Normal-approximation-based test for two-sample BF problem proposed by Srivastava et al. (2013)

Description

Srivastava et al. (2013)'s test for testing equality of two-sample high-dimensional mean vectors without assuming that two covariance matrices are the same.

Usage

SKK2013.TSBF.NABT(y1, y2)

Arguments

y1	The data matrix ($n_1 \times p$) from the first population. Each row represents a $p$-dimensional observation.
y2	The data matrix ($n_2 \times p$ from the second population. Each row represents a $p$-dimensional observation.

Details

Suppose we have two independent high-dimensional samples:

$\boldsymbol{y}_{i1},\ldots,\boldsymbol{y}_{in_i}, \;\operatorname{are \; i.i.d. \; with}\; \operatorname{E}(\boldsymbol{y}_{i1})=\boldsymbol{\mu}_i,\; \operatorname{Cov}(\boldsymbol{y}_{i1})=\boldsymbol{\Sigma}_i,i=1,2.$

The primary object is to test

$H_{0}: \boldsymbol{\mu}_1 = \boldsymbol{\mu}_2\; \operatorname{versus}\; H_{1}: \boldsymbol{\mu}_1 \neq \boldsymbol{\mu}_2.$

Srivastava et al. (2013) proposed the following test statistic:

$T_{SKK} = \frac{(\bar{\boldsymbol{y}}_1 - \bar{\boldsymbol{y}}_2)^\top \hat{\boldsymbol{D}}^{-1}(\bar{\boldsymbol{y}}_1 - \bar{\boldsymbol{y}}_2) - p}{\sqrt{2 \widehat{\operatorname{Var}}(\hat{q}_n) c_{p,n}}},$

where $\bar{\boldsymbol{y}}_{i},i=1,2$ are the sample mean vectors, $\hat{\boldsymbol{D}}=\hat{\boldsymbol{D}}_1/n_1+\hat{\boldsymbol{D}}_2/n_2$ with $\hat{\boldsymbol{D}}_i,i=1,2$ being the diagonal matrices consisting of only the diagonal elements of the sample covariance matrices. $\widehat{\operatorname{Var}}(\hat{q}_n)$ is given by equation (1.18) in Srivastava et al. (2013), and $c_{p, n}$ is the adjustment coefficient proposed by Srivastava et al. (2013).
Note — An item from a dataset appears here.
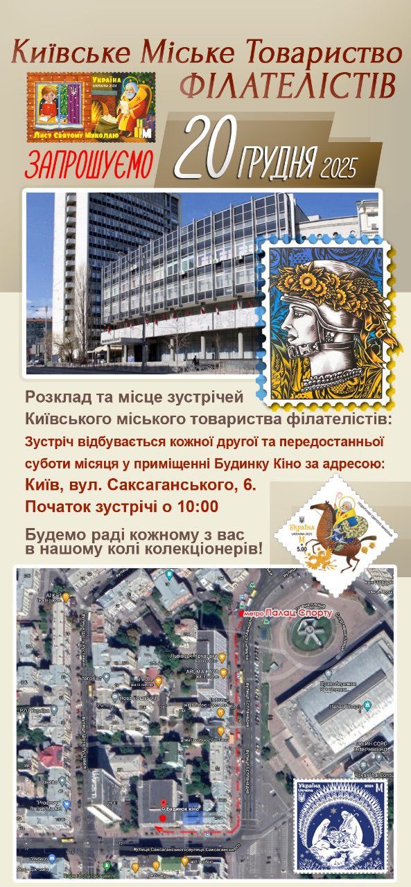 по адресу: Киев, ул. Саксаганского д. 6, Дом кино, конференц-зал, и каждую последнюю субботу месяца в Белом зале с 9:00 до 13:00 собираются филателисты Киева. Всем желающим предоставляются столы. Вход - 15 грн, персональный стол - 50 грн .
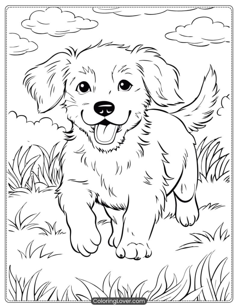 Free Cute puppy running coloring page 2023

They showed that under the null hypothesis, $T_{SKK}$ is asymptotically normally distributed.

Value

A list of class "NRtest" containing the results of the hypothesis test. See the help file for NRtest.object for details.

References

Srivastava MS, Katayama S, Kano Y (2013). “A two sample test in high dimensional data.” Journal of Multivariate Analysis, 114, 349–358. doi:10.1016/j.jmva.2012.08.014.

Examples

library("HDNRA")
data("COVID19")
dim(COVID19)
group1 <- as.matrix(COVID19[c(2:19, 82:87), ]) ## healthy group
group2 <- as.matrix(COVID19[-c(1:19, 82:87), ]) ## COVID-19 patients
SKK2013.TSBF.NABT(group1,group2)

---

Normal-approximation-based test for GLHT problem proposed by Yamada and Srivastava (2012)

Description

Yamada and Srivastava (2012)'test for general linear hypothesis testing (GLHT) problem for high-dimensional data with assuming that underlying covariance matrices are the same.

Usage

YS2012.GLHT.NABT(Y,X,C,n,p)

Arguments

Y	A list of $k$ data matrices. The $i$th element represents the data matrix ($n_i \times p$) from the $i$th population with each row representing a $p$-dimensional observation.
X	A known $n\times k$ full-rank design matrix with $\operatorname{rank}(\boldsymbol{X})=k<n$.
C	A known matrix of size $q\times k$ with $\operatorname{rank}(\boldsymbol{C})=q<k$.
n	A vector of $k$ sample sizes. The $i$th element represents the sample size of group $i$, $n_i$.
p	The dimension of data.

Details

A high-dimensional linear regression model can be expressed as

$\boldsymbol{Y}=\boldsymbol{X\Theta}+\boldsymbol{\epsilon},$

where $\Theta$ is a $k\times p$ unknown parameter matrix and $\boldsymbol{\epsilon}$ is an $n\times p$ error matrix.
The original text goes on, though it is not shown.